Pages

Dari Keraton Hingga Benteng Vastenburg



"Ini adalah yang pertama, semua harus sempurna."

Pagi itu saya harus ke bandara Soekarno Hatta sebelum adzan Subuh berkumandang. Saya diundang untuk mengikuti uji jaringan sebuah perusahaan telekomunikasi di sebuah kota kecil namun bisa dibilang paling padat penduduknya. Kesalahan mengatur jadwal meeting membuat saya harus rela hanya memiliki waktu 1 jam packing, 30 menit untuk tidur, dan 10 menit untuk mandi. Padahal ini adalah penerbangan pertama saya. Duh.

Saya mengambil risiko harus tidur sebentar daripada tidur cukup tapi terlambat tiba di Bandara. Bandara masih sepi saat saya tiba. Saya berharap bisa menemukan tempat berkumpul secepatnya lalu mencuri-curi waktu tidur. Tapi ternyata gagal. Sofa empuk yang ada di ruangan tempat berkumpul tidak berhasil membuat saya terlelap. Yang ada malah saya terlibat obrolan singkat dengan Ratri, Adhams, dan Wiku. Mereka akan sama-sama berangkat ke Solo pagi ini.



Jakarta, lalu menuju Solo

Jika kamu menjadi saya, apa yang kamu rasakan pada pengalaman pertama terbang? Deg-degan? Sudah pasti. Norak? Berhasil saya sembunyikan. Tapi setelah saya sadari, norak dan deg-degannya saya keren ya ternyata. Lah, bagaimana tidak? naik pesawat pertama kali tapi langsung menggunakan Garuda Indonesia. "Rezeki anak soleh", kalau kata ibu saya seraya tersenyum.

Tapi yang jelas, orang yang pertama kali naik pesawat akan terlihat dari mukanya yang serius dan tegang. Mulut komat-kamit baca doa. Dan tangan yang tidak berhenti berdzikir. Itu mungkin orang lain. Untuk saya, seperti yang saya bilang, semua berhasil saya sembunyikan. *tepuk tangan untuk diri sendiri*

Flight pertama di pagi hari tanpa adanya delay membuat mood saya tetap terjaga dengan baik selama 50 menit perjalanan dari Jakarta menuju Solo. Saya pikir, mood baik adalah bekal baik, karena sesampainya saya di sana saya harus langsung mengikuti rangkaian acara yang sudah disediakan dari pagi hingga malam.

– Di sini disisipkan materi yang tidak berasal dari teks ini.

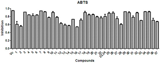 The radical-scavenging activity of the polyphenols (1–37) isolated from X. sorbifolia husks. ABTS was prepared daily and diluted to an absorbance of 0.70 ± 0.02 at 734 nm. After the crude samples (50 µg/mL) reacted with the ABTS radical solution for 10 min, the absorbance values (Ai) at 734 nm were measured, and the percentage inhibitions were calculated. Vc, ascorbic acid.

pemberi pengalaman terbang pertama kali

Solo, malam hingga pagi hari.

Kelelahan sepanjang hari mengikuti rangkaian acara tidak membuat langsung tidur pada malam harinya. kami meluangkan waktu untuk keluar cari makan. Setelah diskusi singkat, akhirnya semua sepakat mengiikuti pilihan salah satu teman kami: Gudeg Ceker! Kami memang tidak menemukan tempat Gudeg Ceker enak yang dimaksud karena tempatnya memang sudah tutup. Tapi beruntung kami dapat rekomendasi dari supir Taksi yang kami tumpangi, yaitu "Gudeg Ceker Palang Bu Kardi".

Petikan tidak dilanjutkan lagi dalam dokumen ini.